You may have seen this formula with \(p=1\) which corresponds to the constant model \(z_k\equiv \bar y\text{.}\)

Solving for optimal parameters (theoretically) involves inverting the matrix \(X^TX\text{,}\) seen in (27.1.2). The matrix \(s^2 (X^TX)^{-1}\) can be considered the covariance matrix of estimated parameters. Specifically, its diagonal element in position \((k, k)\) is the variance of \(\beta_k\text{.}\) The square root of variance gives the standard error of \(\beta_k\text{.}\) As a rule of thumb, if \(|\beta_k| \lt 2\operatorname{SE}(\beta_k)\) (a parameter is within two standard errors of 0), this parameter should be considered inessential and possibly removed from the model. The following computation implements this statistical analysis.

s2 = norm(y-z)^2/(n-p);      % variance of error
C = s2*inv(X'*X);            % covariance matrix for parameters
ts = beta./sqrt(diag(C));    % the t-statistics of the parameters

The parameters with \(|t| \lt 2\) should be considered for removal. In the example of fitting polynomials of degree \(d\text{,}\) we have \(p = d+1\) parameters. The consideration should be focused on the leading coefficient, because if it appears to be inessential, we should remove it by decreasing the degree \(d\) by \(1\text{.}\) Note that the removal of one parameter causes all others to be recalculated, so the rest may become essential now.

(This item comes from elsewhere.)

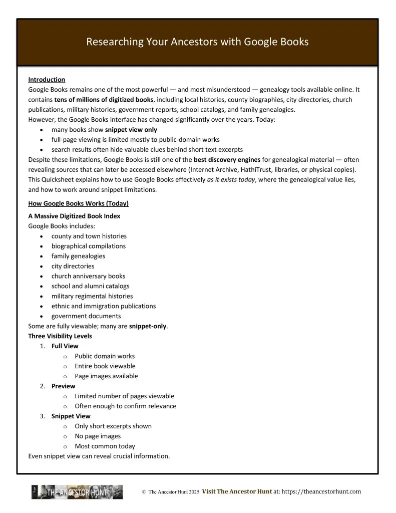Despite these limitations, Google Books is still one of the best discovery engines for genealogical material — often revealing sources that can later be accessed elsewhere (Internet Archive, HathiTrust, libraries, or physical copies). This Quicksheet explains how to use Google Books effectively as it exists today, where the genealogical value lies, and how to work around snippet limitations.

Example 27.3.1. Computing the t-statistics of parameters.

Modify Example 27.2.1 to include the computation of t-statistics for each coefficient of the polynomial.

Solution

Note that the vector of t-statistics, which is called ts below, contains the statistics for the coefficients of \(x^0, \dots, x^d\) in this order. This means that \(ts(end)\) is really the value of most interest here.

x = (0:14)';  
y = [9 8 5 5 3 1 2 5 4 7 8 8 7 7 8]'; 
d = 2;            
X = x.^(0:d);     
beta = X\y;        
f = @(x) (x.^(0:d))*beta; 

[n, p] = size(X);
s2 = norm(y-f(x))^2/(n-p);
C = s2*inv(X'*X);         
ts = beta./sqrt(diag(C));
disp(ts)